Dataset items
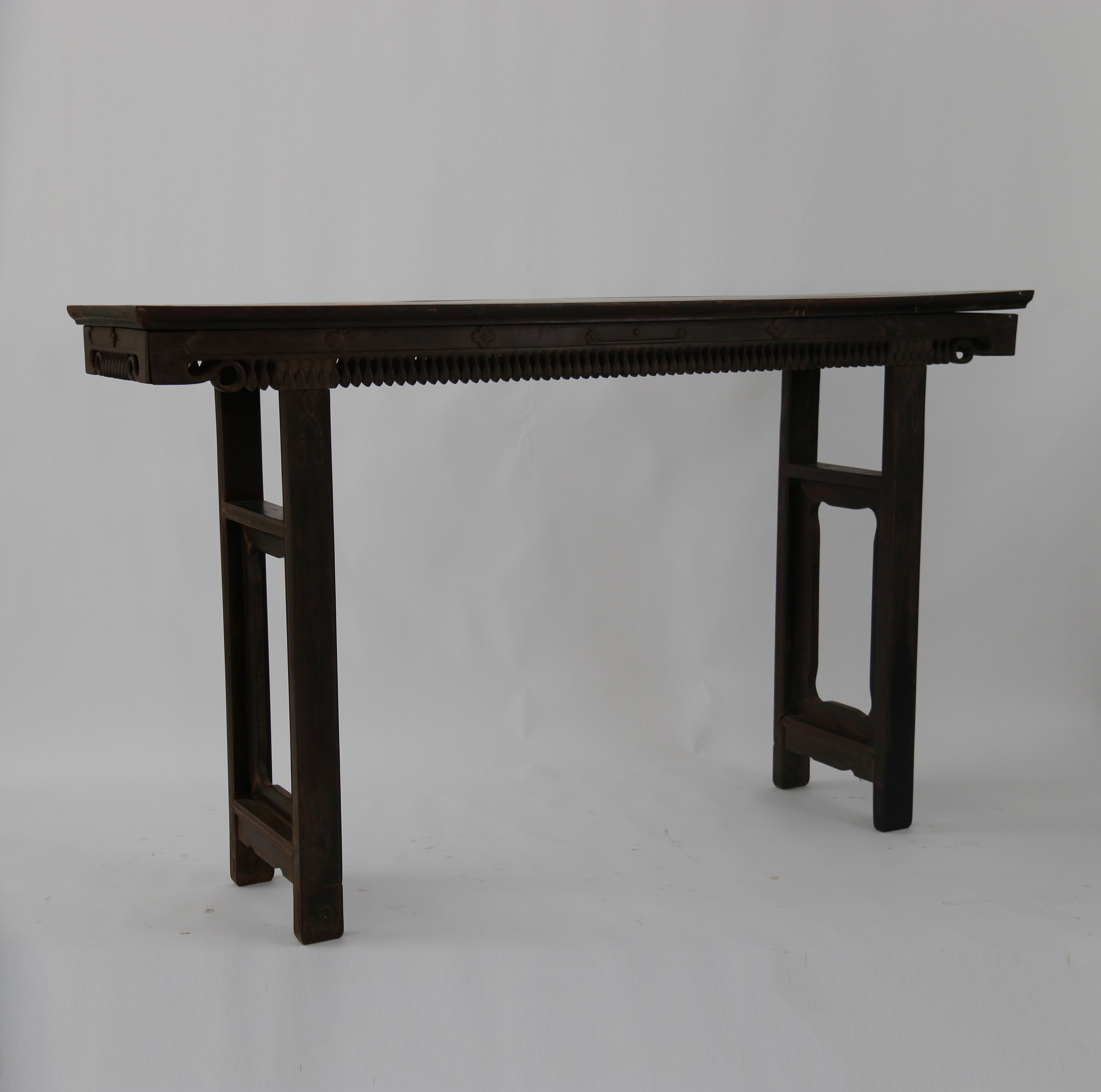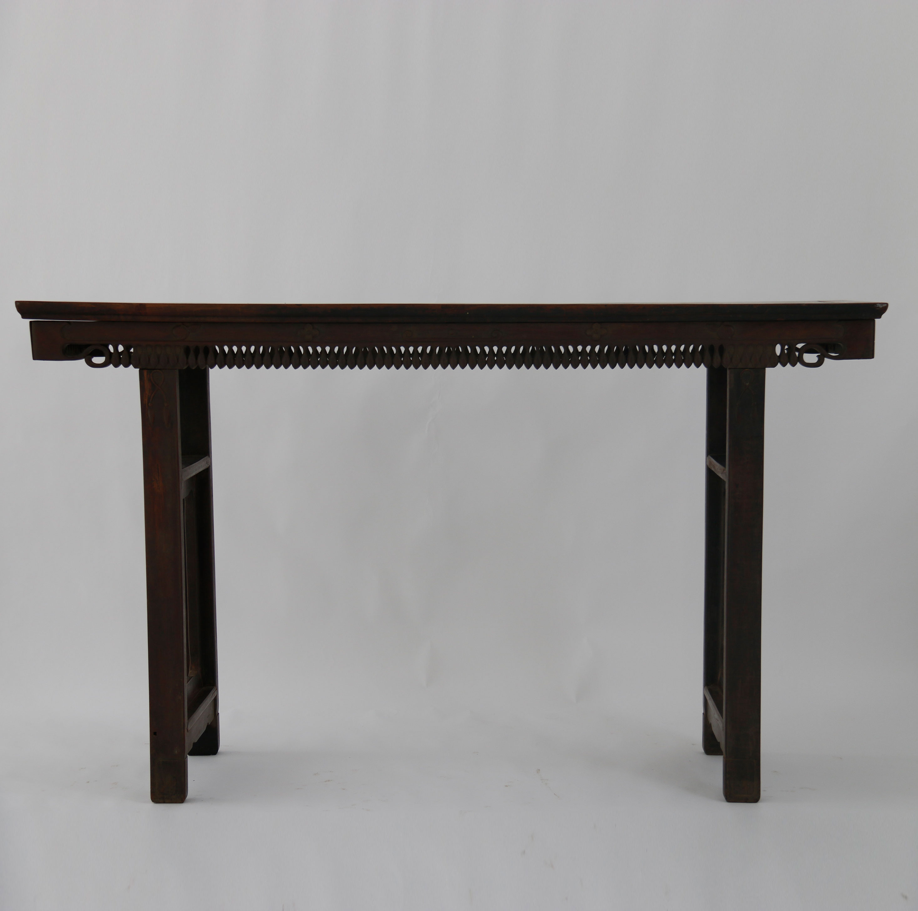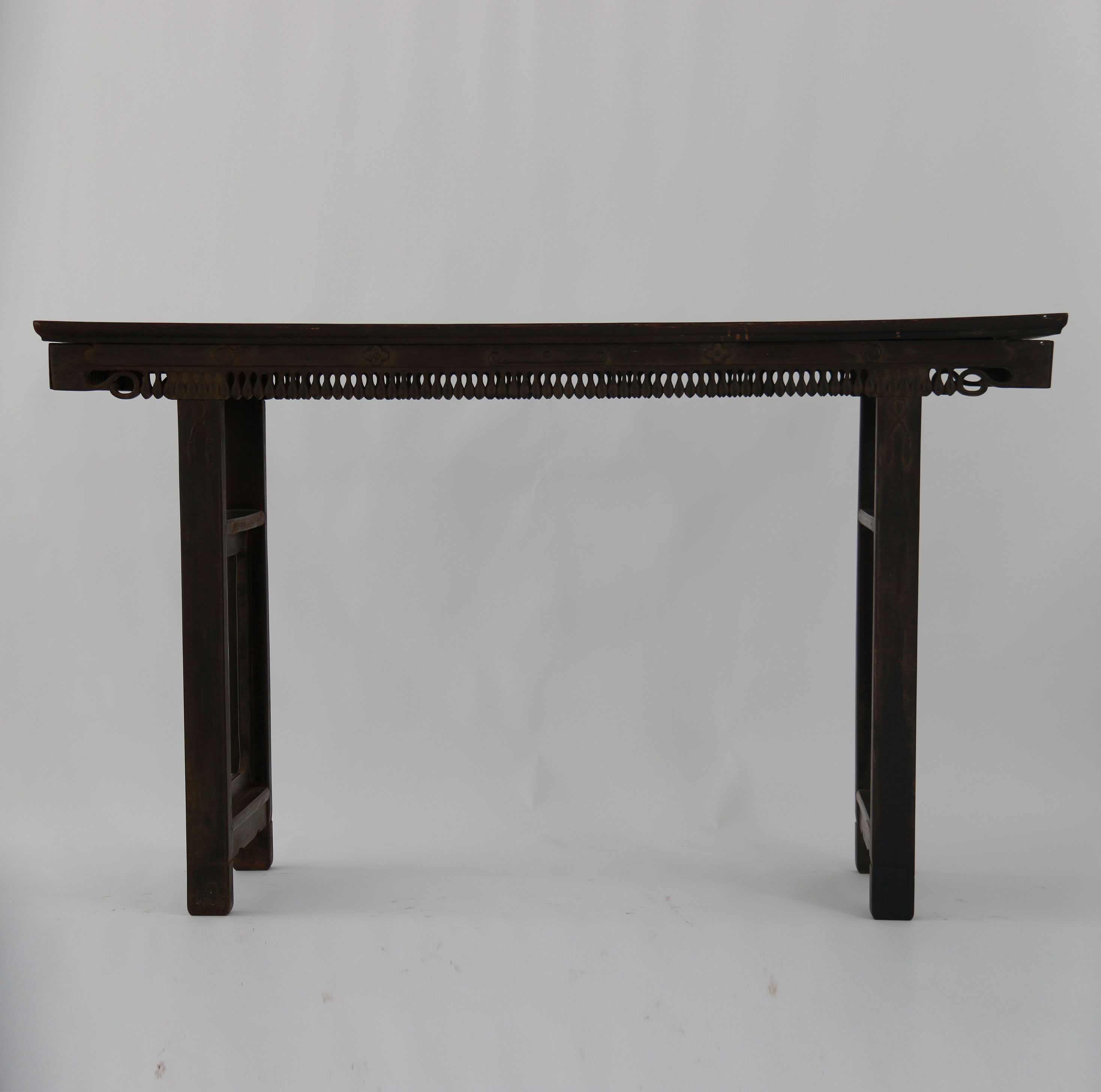 年代:中华民国;尺寸:长174.4cm,宽42cm,高104.5cm。酸枝木制作。案面较长,呈长方形。案面侧板镂空叶纹。下面两端为支架,各用两根长条木及两根横杠组成。
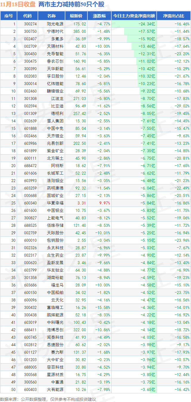 两市主力减持最多的前十只个股为:
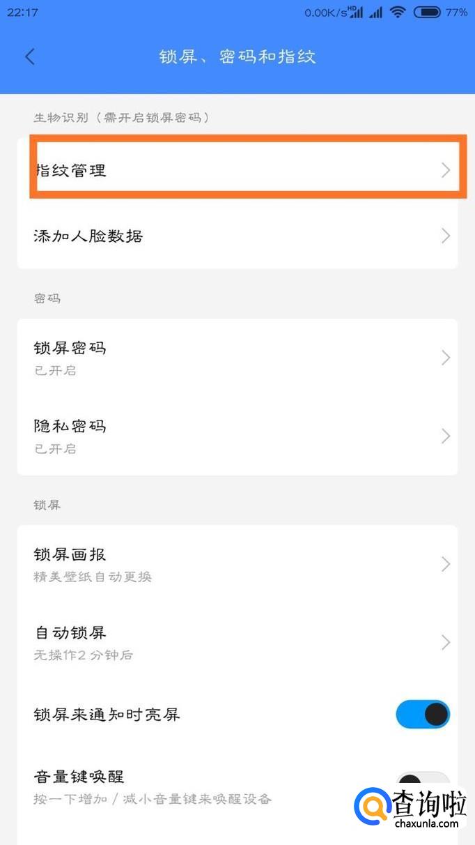 进入设置,找到“锁屏,密码与指纹”,点击进入,然后点击“指纹管理”。
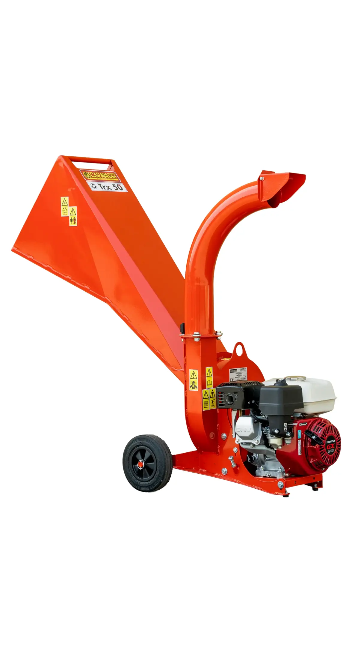 It features a cutting system consisting of a single-blade cutting disc, assisted by 4 fans that aid in discharge. The TRX50 chipper is equipped with a belt transmission, which reduces stress on the engine shaft and rotor.
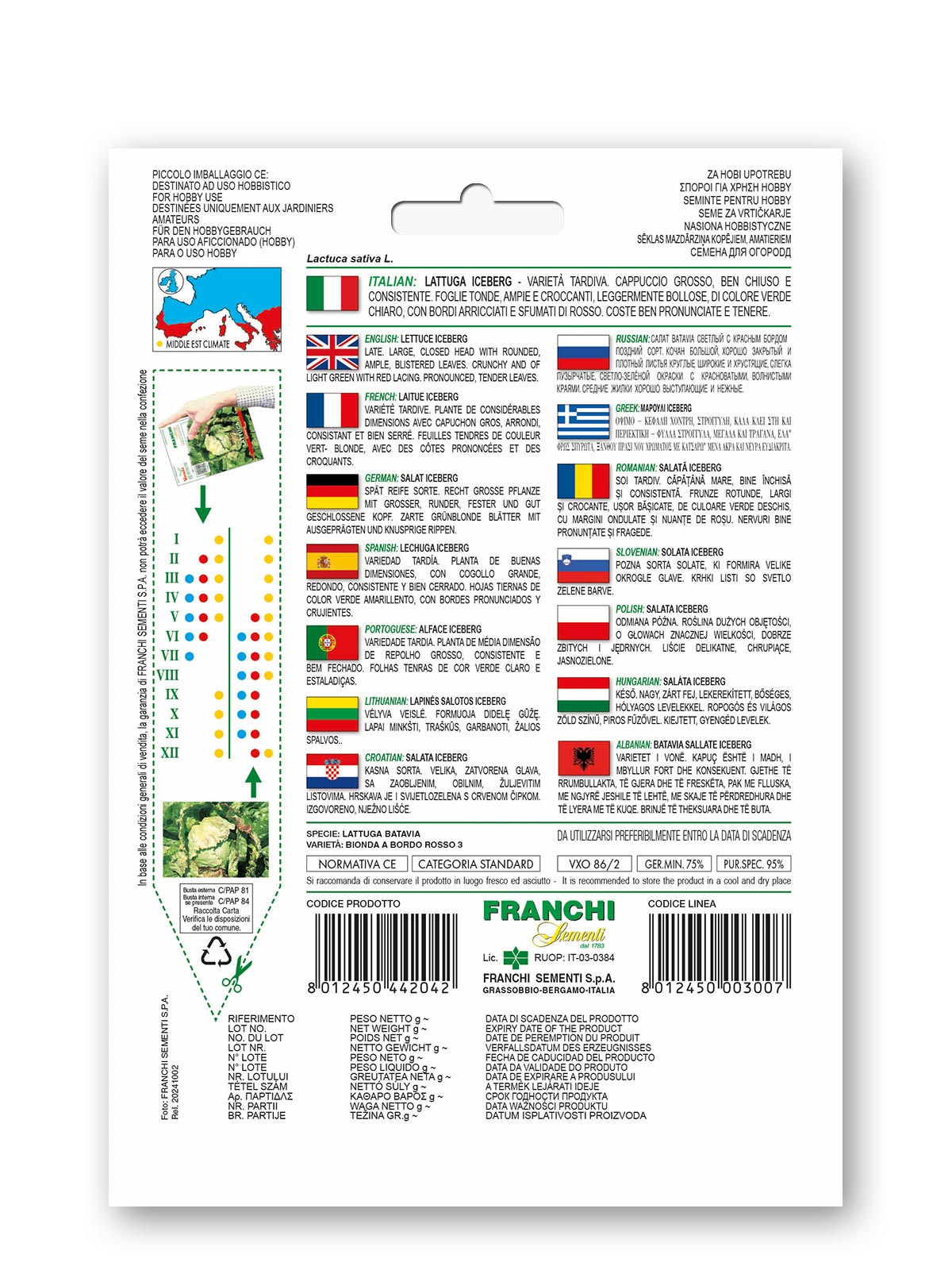 Solata ledenka REGINA GHIACCI je pozna sorta z veliko, okroglo glavo. Okrogli listi imajo izrazite nazobčane robove. Peclji so hrustljavi in odporni na cvetenje.
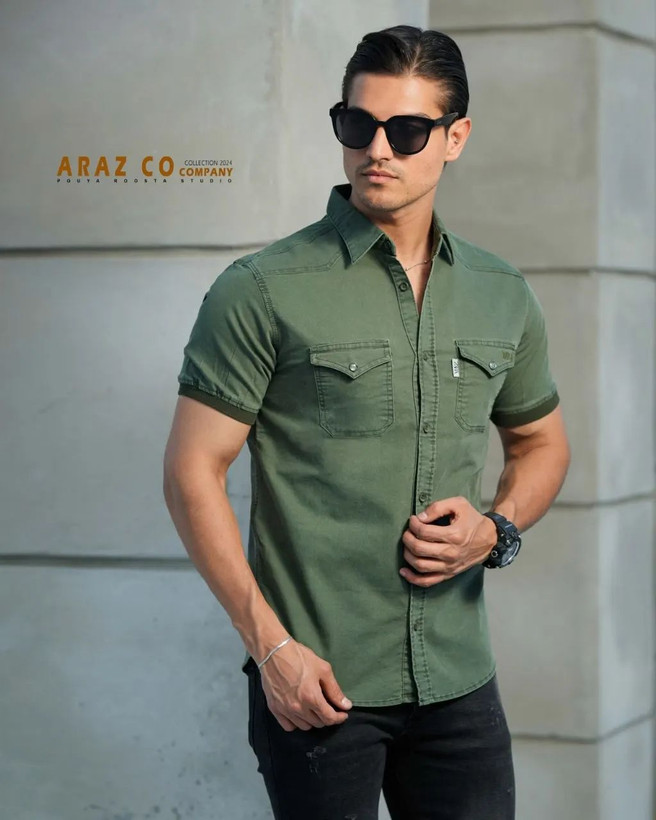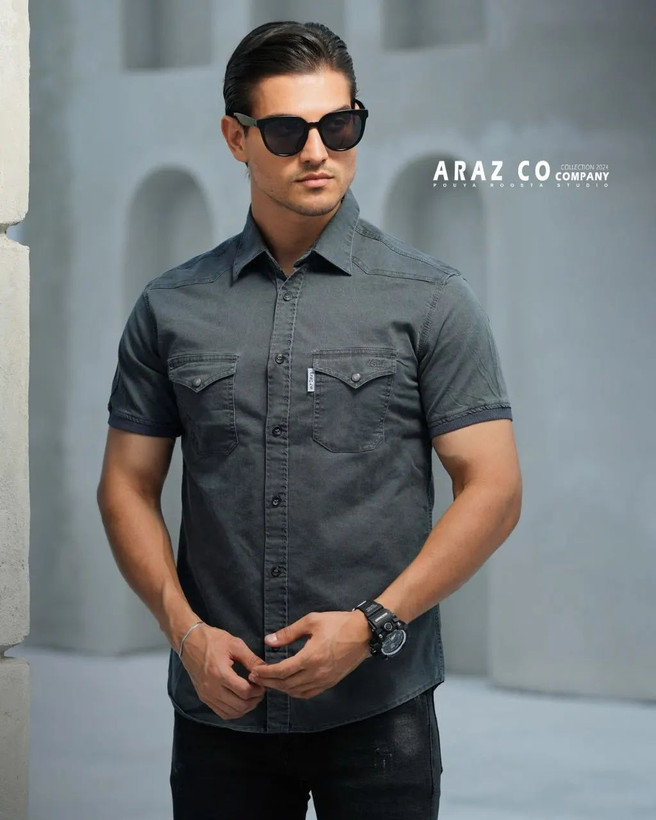 پیراهن کتان مردانه دوخت شرکت L CON -آستین کوتاه رنگبندی کامل

▸ **WORK TO COMPLETE**
What is needed is an exact repetition of every line from the line with "Solata ledenka REGINA" to the end of the data above, both ends included, with no pictures.

▸ **REPLY TO THE TASK**
 Solata ledenka REGINA GHIACCI je pozna sorta z veliko, okroglo glavo. Okrogli listi imajo izrazite nazobčane robove. Peclji so hrustljavi in odporni na cvetenje.
 پیراهن کتان مردانه دوخت شرکت L CON -آستین کوتاه رنگبندی کامل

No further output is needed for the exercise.